In order to select key respiratory omics features, we used svm-rfe for recursive selection of feature subsets, instead of PCA, which needed to determine the number of components to obtain more data information. We found that classifiers based on the SVM-RFE method needed a few features to obtain the optimal AUC value in unbalanced data compared to the PCA-based method in balanced data (except for KNN). However, the unbalanced data in approach 3 obtained the worst G-mean value when compared to the balanced data in approach 4. For those phenomena, we suspected that the increased minority class samples changed the data distribution in the classification hyperplane of different classifiers. Thus, our training model based on balanced data could improve the prediction ability (sensitivity) of the minority class in the testing set.

In our work, the combined KNN classifier obtained the optimal classification result, and its classification performance was significantly changed after resampling SCC samples and reducing the irrelevant information. Due to the principle of KNN classifier, the classification result mainly depends on the number of neighbors selected, which is similar to borderline 2-SMOTE, that the generation of new data relies on the determination of adjacent samples of dangerous samples. Thus, most of the nearest neighbors are newly synthetic samples, and the model would be more robust than before for KNN classier. As for other classifiers, PLS-DA classifier performed better than the other three classifiers without considering the feature numbers because new features in PLS-DA were transformed linearly from original breathomics features. That is the reason why it is a popular way for omics analysis at present. Besides, PLS-DA needs to conduct model validation to avoid the over-fitting problem¹⁹. In contrast, KNN sets fewer parameters and can obtain better results quickly, which proves it much more suitable for classification tasks. The theory of SVM is to find a hyperplane that can separate different class samples depending on the support vector samples.
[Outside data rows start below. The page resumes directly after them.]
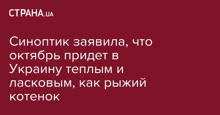 Синоптик заявила, что октябрь придет в Украину теплым и ласковым, как рыжий котенок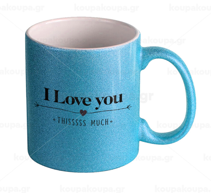 I Love you thisssss much, Κούπα Σιέλ Glitter που γυαλίζει, κεραμική, 330ml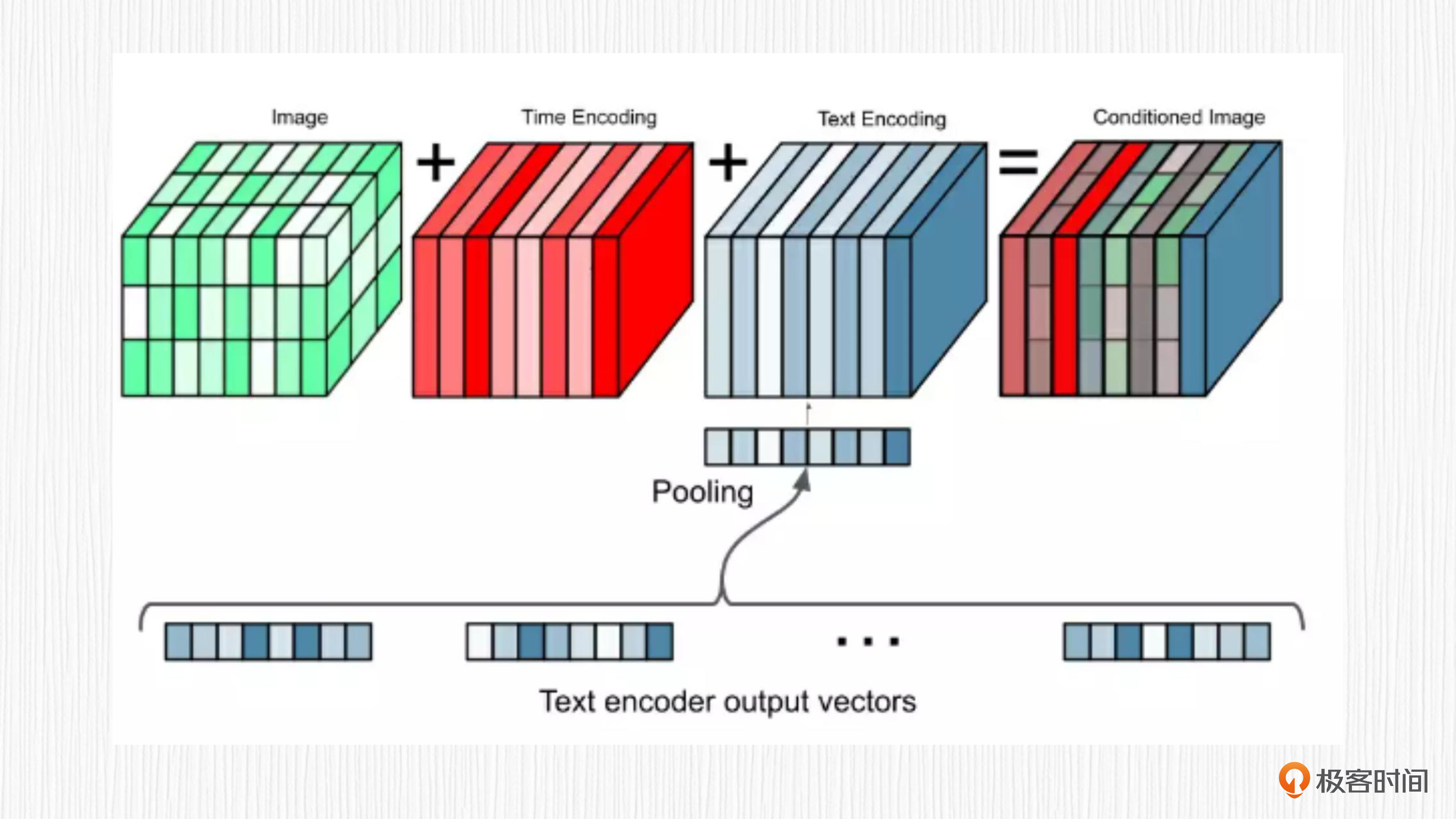 在Imagen项目中,图像解码器使用的同样是扩散模型。扩散过程需要多步来完成,逐渐从噪声得到清晰图像。对于每一步去噪,Imagen都会将当前带噪声图像、时间步编码、文本表征编码进行求和,作为UNet模型的输入信息,如下图所示。

When the data is not balanced, SVM has the following shortcomings. On the one hand, SVM is based on the soft interval maximization method, which makes the classification hyperplane in the boundary region towards to minority class. On the other hand, the unbalanced ratio of support vectors would also result in more majority support vectors around the testing set. The classification performance of SVM has been improved after undergoing the borderline2-SMOTE by comparing Figs. 4 and 6. RF is a relatively robust model, which reduces the overall variance of the model by gathering the results of multiple decision trees. With the increase of samples, more accurate classification results can be obtained by increasing the number of estimators of RF classifier. When the data is unbalanced, the MLP performance of single-layer network structure is better than other classifiers. However, once the data in the classification model is increased, the single-layer network structure cannot meet the classification requirements, and the multi-layer network MLP is the key to improve the classification performance.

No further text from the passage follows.